EXTRACTED DATA
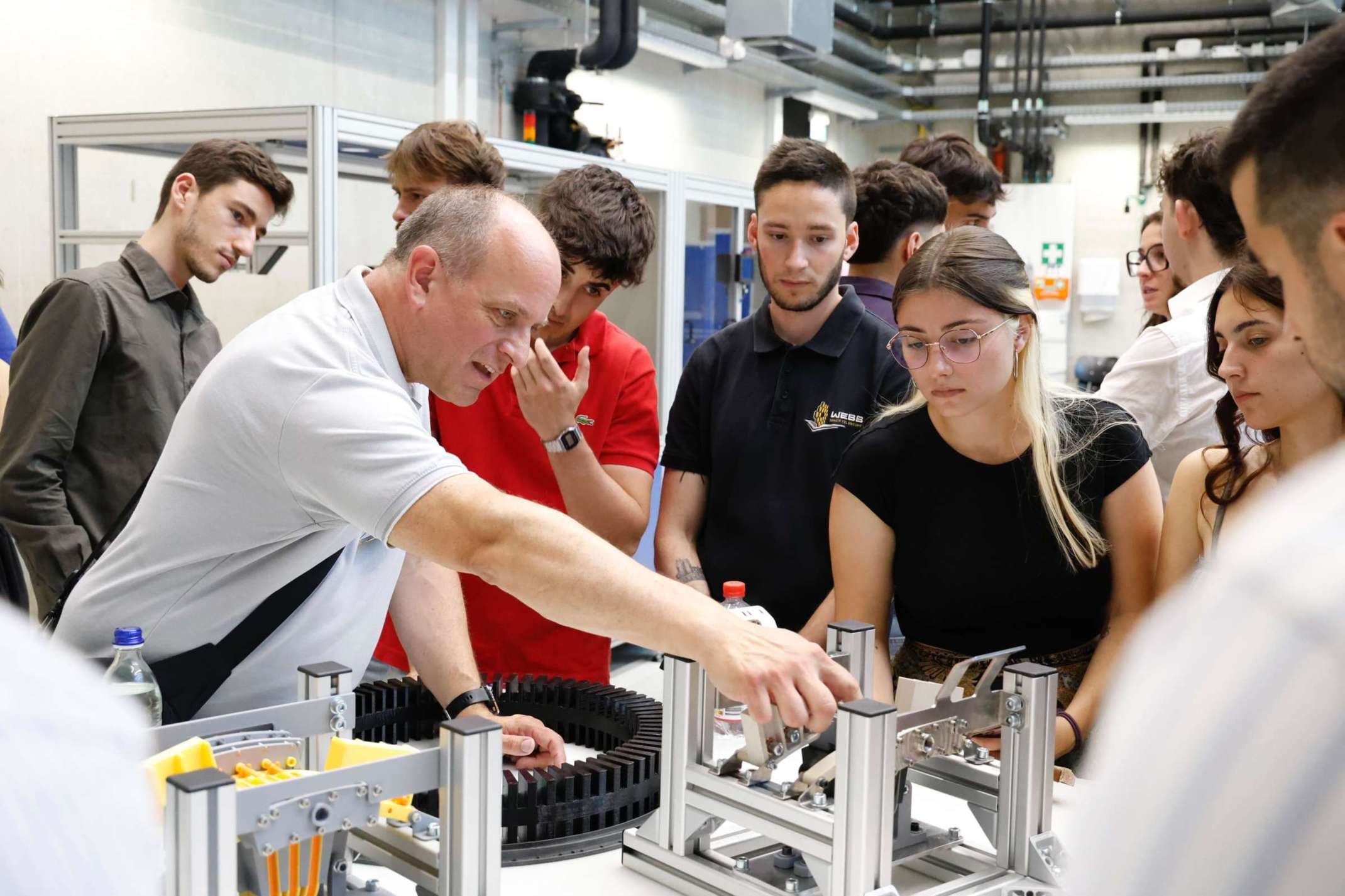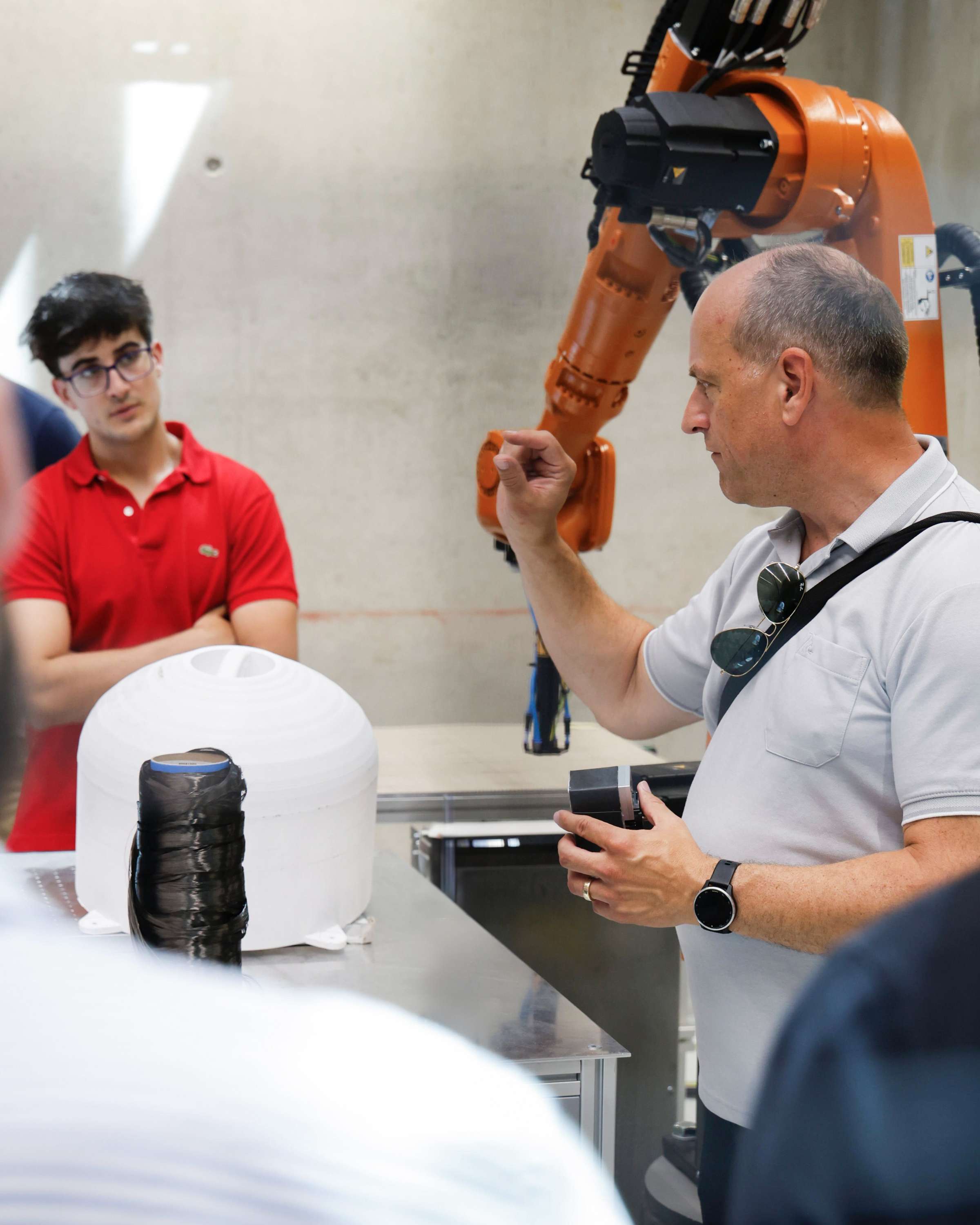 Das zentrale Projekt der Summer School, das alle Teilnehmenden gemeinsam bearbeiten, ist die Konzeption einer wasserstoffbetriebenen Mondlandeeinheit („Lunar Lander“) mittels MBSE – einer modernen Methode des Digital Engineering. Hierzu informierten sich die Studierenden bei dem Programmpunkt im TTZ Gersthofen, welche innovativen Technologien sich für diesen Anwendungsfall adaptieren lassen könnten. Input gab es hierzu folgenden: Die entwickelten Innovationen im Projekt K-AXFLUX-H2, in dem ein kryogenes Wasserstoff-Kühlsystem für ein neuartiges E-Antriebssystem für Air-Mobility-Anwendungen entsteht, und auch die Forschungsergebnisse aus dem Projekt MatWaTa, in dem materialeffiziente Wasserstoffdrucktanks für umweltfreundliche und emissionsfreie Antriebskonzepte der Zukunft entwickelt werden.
...
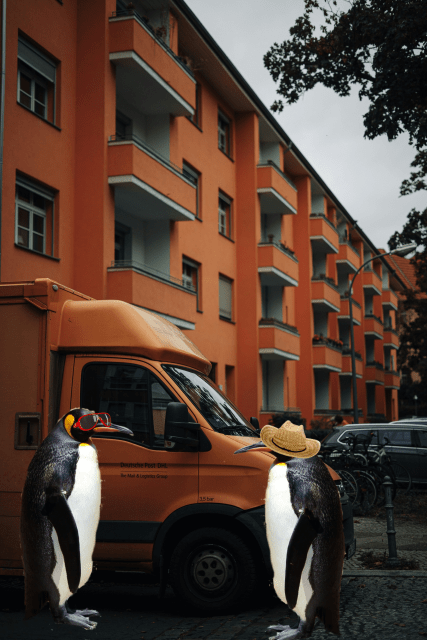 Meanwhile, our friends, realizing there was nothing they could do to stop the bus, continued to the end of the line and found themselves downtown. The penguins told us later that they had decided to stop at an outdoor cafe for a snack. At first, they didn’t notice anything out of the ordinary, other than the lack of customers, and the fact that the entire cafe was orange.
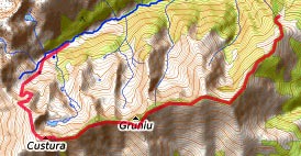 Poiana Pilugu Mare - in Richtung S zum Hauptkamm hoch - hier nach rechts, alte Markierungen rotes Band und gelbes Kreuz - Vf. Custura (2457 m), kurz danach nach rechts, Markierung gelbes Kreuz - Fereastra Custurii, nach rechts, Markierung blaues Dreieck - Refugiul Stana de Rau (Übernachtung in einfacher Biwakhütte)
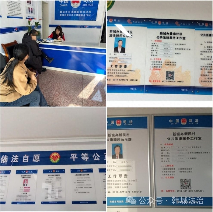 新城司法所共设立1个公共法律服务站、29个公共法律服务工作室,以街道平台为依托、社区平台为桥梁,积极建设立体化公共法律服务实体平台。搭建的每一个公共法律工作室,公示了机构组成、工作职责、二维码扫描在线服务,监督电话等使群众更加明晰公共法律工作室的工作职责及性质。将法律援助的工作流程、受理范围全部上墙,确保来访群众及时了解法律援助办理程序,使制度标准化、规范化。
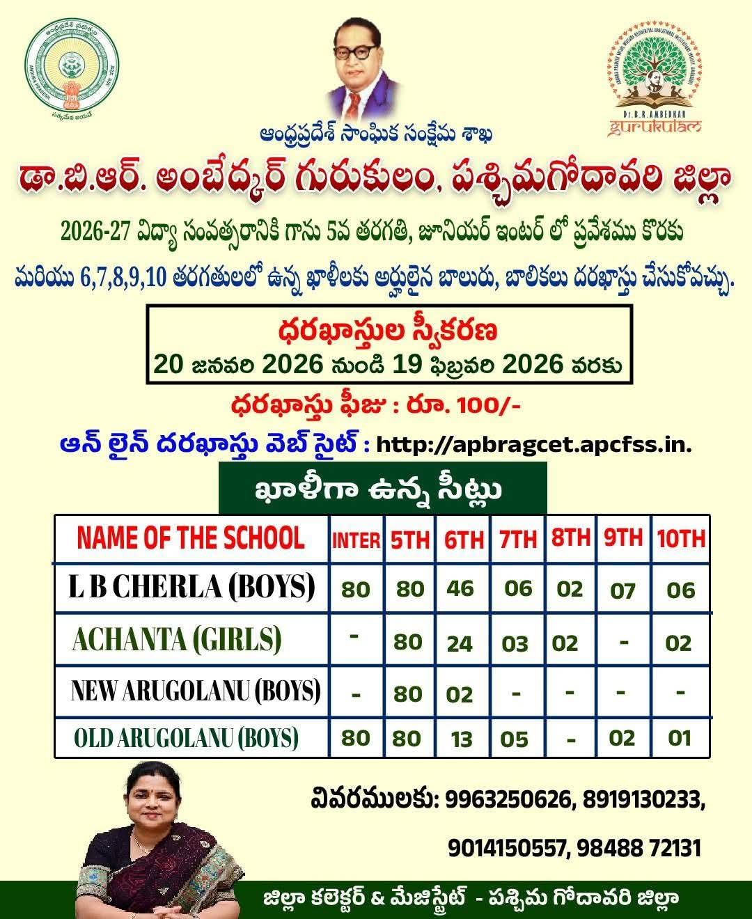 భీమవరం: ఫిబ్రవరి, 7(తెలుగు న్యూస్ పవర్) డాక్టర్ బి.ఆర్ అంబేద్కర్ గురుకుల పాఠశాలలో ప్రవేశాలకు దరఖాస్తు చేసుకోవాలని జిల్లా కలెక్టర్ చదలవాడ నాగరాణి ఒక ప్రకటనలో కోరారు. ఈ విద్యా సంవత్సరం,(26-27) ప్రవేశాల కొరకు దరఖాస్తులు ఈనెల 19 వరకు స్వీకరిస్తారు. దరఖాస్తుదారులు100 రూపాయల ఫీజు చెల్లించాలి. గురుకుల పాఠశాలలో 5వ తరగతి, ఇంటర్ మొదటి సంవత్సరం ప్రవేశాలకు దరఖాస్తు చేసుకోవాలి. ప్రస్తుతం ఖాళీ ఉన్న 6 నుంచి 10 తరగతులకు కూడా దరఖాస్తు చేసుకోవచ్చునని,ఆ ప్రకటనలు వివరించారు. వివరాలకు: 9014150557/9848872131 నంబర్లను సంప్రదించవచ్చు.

EXERCISE REQUIREMENTS
What belongs in the answer is each line above from the line with "新城司法所共设立1个公共法律" to the line with "భీమవరం: ఫిబ్రవరి, 7(తెలుగు", inclusive, reproduced exactly and free of pictures.

EXPECTED OUTPUT
 新城司法所共设立1个公共法律服务站、29个公共法律服务工作室,以街道平台为依托、社区平台为桥梁,积极建设立体化公共法律服务实体平台。搭建的每一个公共法律工作室,公示了机构组成、工作职责、二维码扫描在线服务,监督电话等使群众更加明晰公共法律工作室的工作职责及性质。将法律援助的工作流程、受理范围全部上墙,确保来访群众及时了解法律援助办理程序,使制度标准化、规范化。
 భీమవరం: ఫిబ్రవరి, 7(తెలుగు న్యూస్ పవర్) డాక్టర్ బి.ఆర్ అంబేద్కర్ గురుకుల పాఠశాలలో ప్రవేశాలకు దరఖాస్తు చేసుకోవాలని జిల్లా కలెక్టర్ చదలవాడ నాగరాణి ఒక ప్రకటనలో కోరారు. ఈ విద్యా సంవత్సరం,(26-27) ప్రవేశాల కొరకు దరఖాస్తులు ఈనెల 19 వరకు స్వీకరిస్తారు. దరఖాస్తుదారులు100 రూపాయల ఫీజు చెల్లించాలి. గురుకుల పాఠశాలలో 5వ తరగతి, ఇంటర్ మొదటి సంవత్సరం ప్రవేశాలకు దరఖాస్తు చేసుకోవాలి. ప్రస్తుతం ఖాళీ ఉన్న 6 నుంచి 10 తరగతులకు కూడా దరఖాస్తు చేసుకోవచ్చునని,ఆ ప్రకటనలు వివరించారు. వివరాలకు: 9014150557/9848872131 నంబర్లను సంప్రదించవచ్చు.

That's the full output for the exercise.